Let Hoffman Academy guide you through the world of piano shopping! Over the next few weeks, we’ll look at what’s involved in shopping for pianos – where to buy them, how to choose the best one for your needs, what you can expect to spend. We’ll even have a 2019 update on our picks for the best acoustic, digital, and keyboard instruments for beginners.
Today, we’re looking at how to shop for a piano – what to look for, some helpful terminology, and how to decide the best instrument for your needs. Let’s get started!
No matter what type of piano you choose, quality is the most important thing to consider! An instrument that sounds bad, breaks down often, or is difficult to play will turn any beginner off. Plus, you’ll wind up spending more in the long run in repairs and replacements.
Also, remember that mastery takes time. Pick a piano that will carry you through your music journey.
Know Your Pianos
There are three main types of pianos: acoustic pianos, digital pianos, and keyboards.
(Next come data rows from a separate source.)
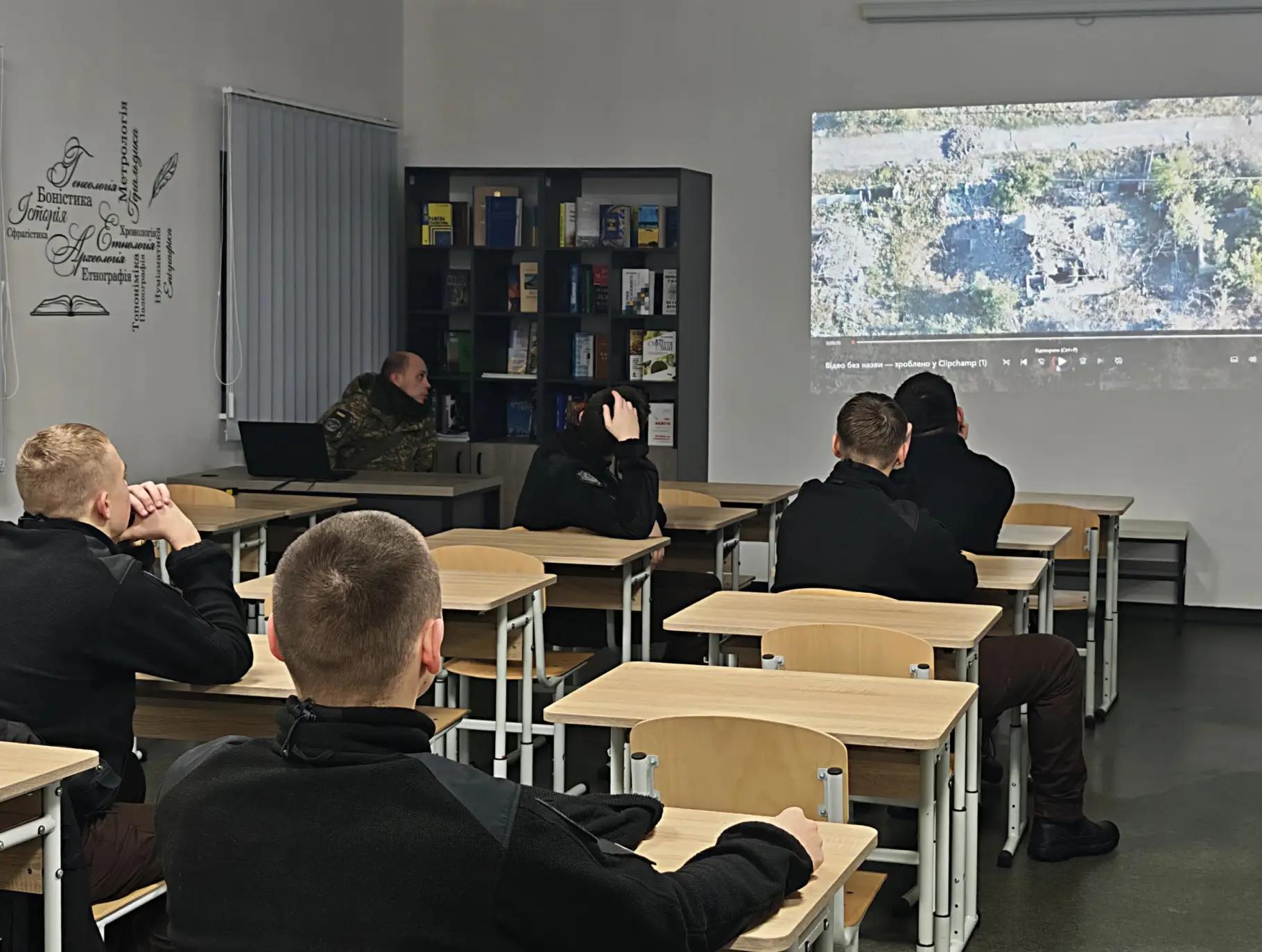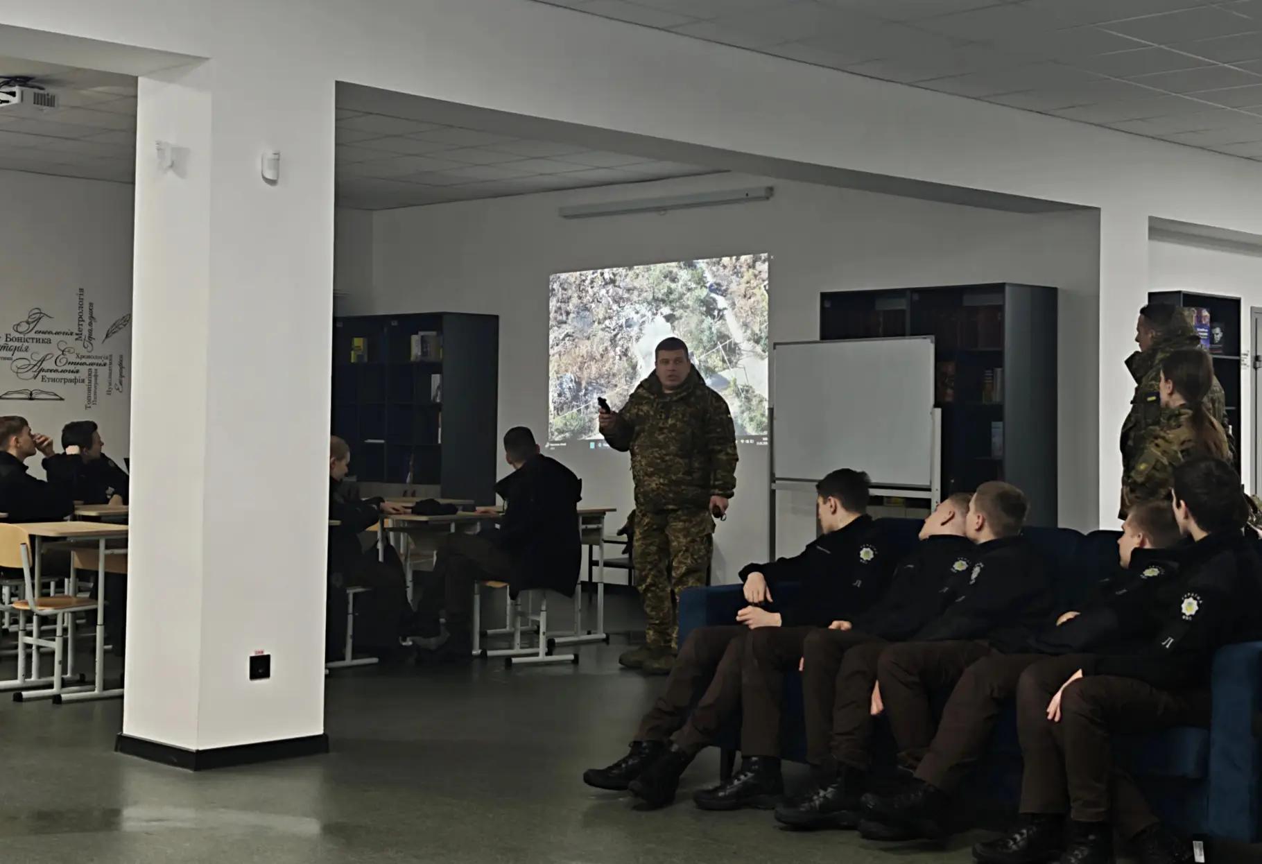 📚 Після практики заняття продовжилося в бібліотеці ліцею, де військові детальніше зупинилися на теоретичних аспектах використання сучасних технологій. Ліцеїстам також продемонстрували відеоматеріали, що наочно показують застосування НРК і дронів у реальних умовах службової діяльності підрозділів Національної гвардії України.
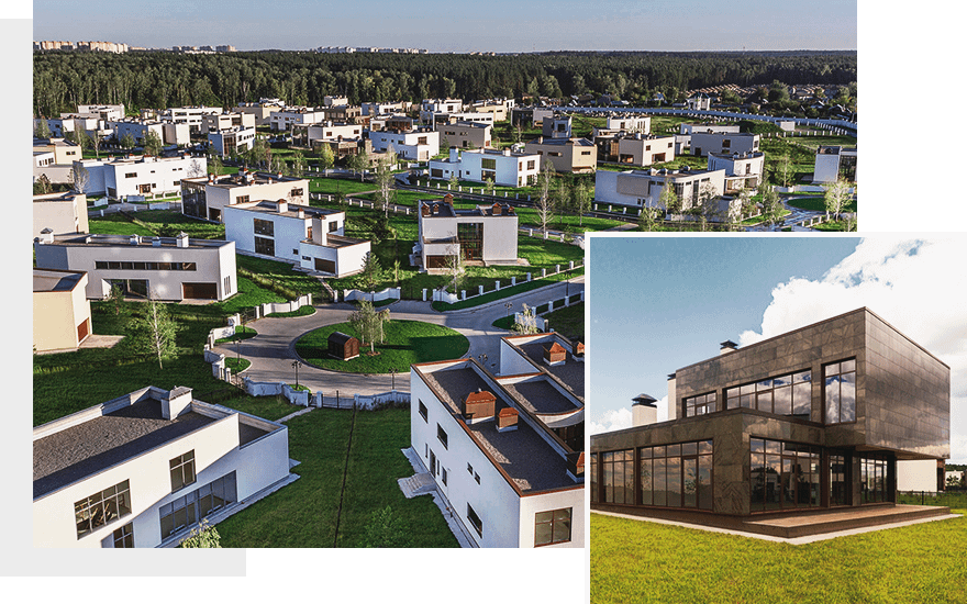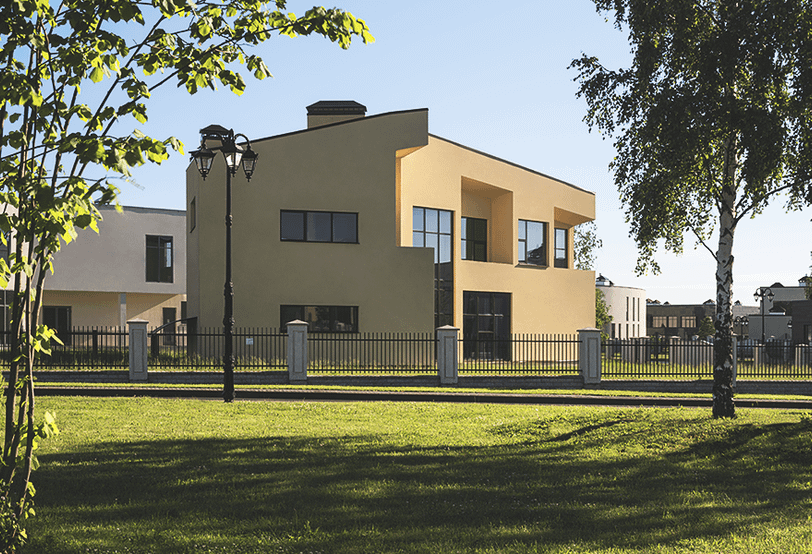 Коттеджный поселок — это отдельное пространство, обособленное от города. Как правило, он меньше стандартного микрорайона — количество предполагаемых жителей невелико. Все это формирует у людей нечто, схожее с принадлежностью к особому клубу — логично, что у элитарной группы должна быть своя айдентика. Отчасти роль опознавательного знака играет планировка домов.
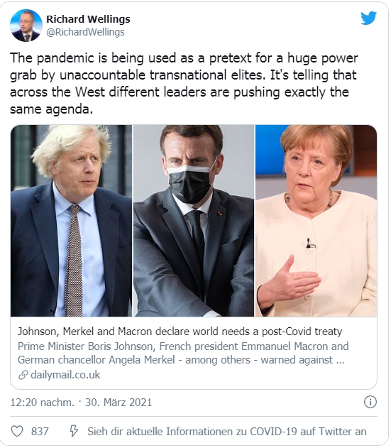 “Die Pandemie wird als Vorwand für eine gewaltige Machtergreifung durch transnationale Eliten, die man nicht zur Verantwortung ziehen können wird, ausgenutzt. Es ist bezeichnend, dass überall im Westen verschiedene Staatschefs genau dieselbe Agenda verfolgen.”
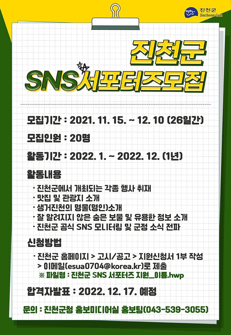 진천군의 문화, 관광, 축제, 향토음식 등 다양한 정보를 군민들에게 제공하고 진천군 SNS의 활성화를 도모하고자 참신함과 책임감을 갖고 활동해주실 진천군 SNS 서포터즈를 모집하오니 많은 참여 바랍니다.
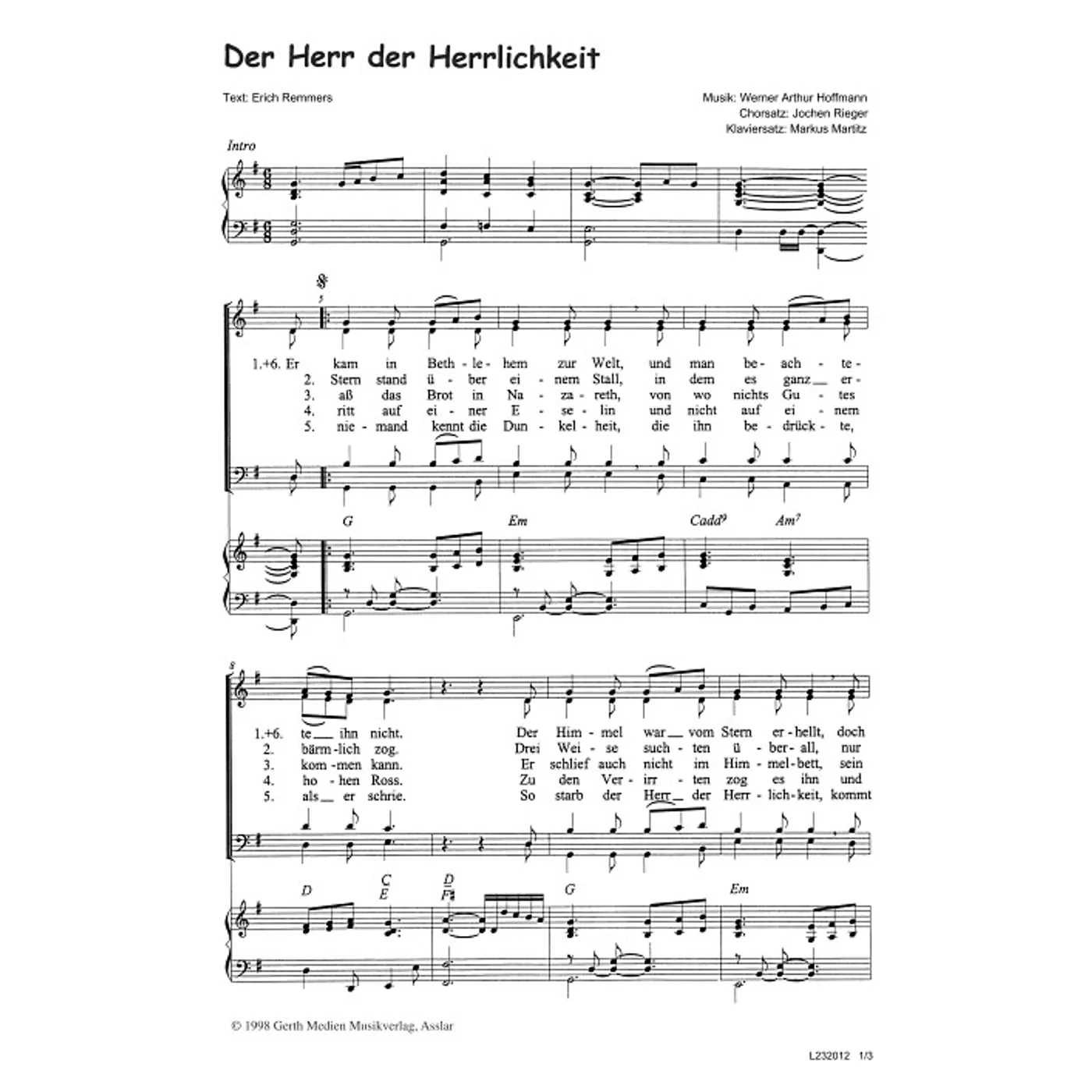 Der Herr der Herrlichkeit (diese Variante haben Sie gerade ausgewählt) (traditionell, Klavier, gemischter Chor, mit Akkorden, vierstimmig, G-Dur) Werner A. Hoffmann (Komposition), Erich Remmers (Text), Jochen Rieger (Chorsatz), Markus Martitz (Klaviersatz) |

For a complete breakdown of each type, check out our previous post on How to Choose a Piano or Keyboard.
There’s a more recent option, too: Hybrid pianos! These are instruments that can act like a digital and an acoustic piano. They tend to be a bit pricier though, so we recommend them for seasoned players who really want the features of both.
Imagine trying to practice basketball or soccer skills, but all you have is a beach ball. It’s still a ball. You can still kick and throw it. However, it feels completely different and doesn’t really prepare you for the field or court.
Practicing on the wrong instrument is sort of like that. Here’s what you need to get started:
88 Keys: The standard, full-sized keyboard.
Weighted keys: Also known as “hammer action,” “graded action,” or “natural touch.” For digital pianos, this means that the keys are designed to feel heavier, more like an acoustic piano. The added resistance helps with muscular development.
Touch sensitivity: Sometimes called “velocity layers” or “dynamic response.” This means that how you press the key changes how loud or soft the sound is.
A music stand/rest: Don’t forget a spot to put your music!
Useful, but not totally necessary:
Stand/base/cabinet: The stand or base is what the keyboard of the instrument sits on. Some are built in (like a cabinet), some are separate.
Note: While you can get by without a fitted stand or cabinet, we highly recommend getting one. The piano will feel sturdier, letting the student move easily while playing.
Bench: Some pianos are sold with a bench included, but not all! Check with the seller if you need a bench.
Pedals are also great to have, though you can do without them in the beginning.
Acoustic pianos have all of these automatically, and generally, so do hybrids. Most digital pianos have them too, but check the specs to be sure! Electronic keyboards rarely have all three of these qualities, if any.
What are you willing to invest? Do you want a quick, cheap solution, or would you prefer to start with good quality that will last years? How much can you budget for that quality? Answering these questions will help you make a decision you’ll be happy with!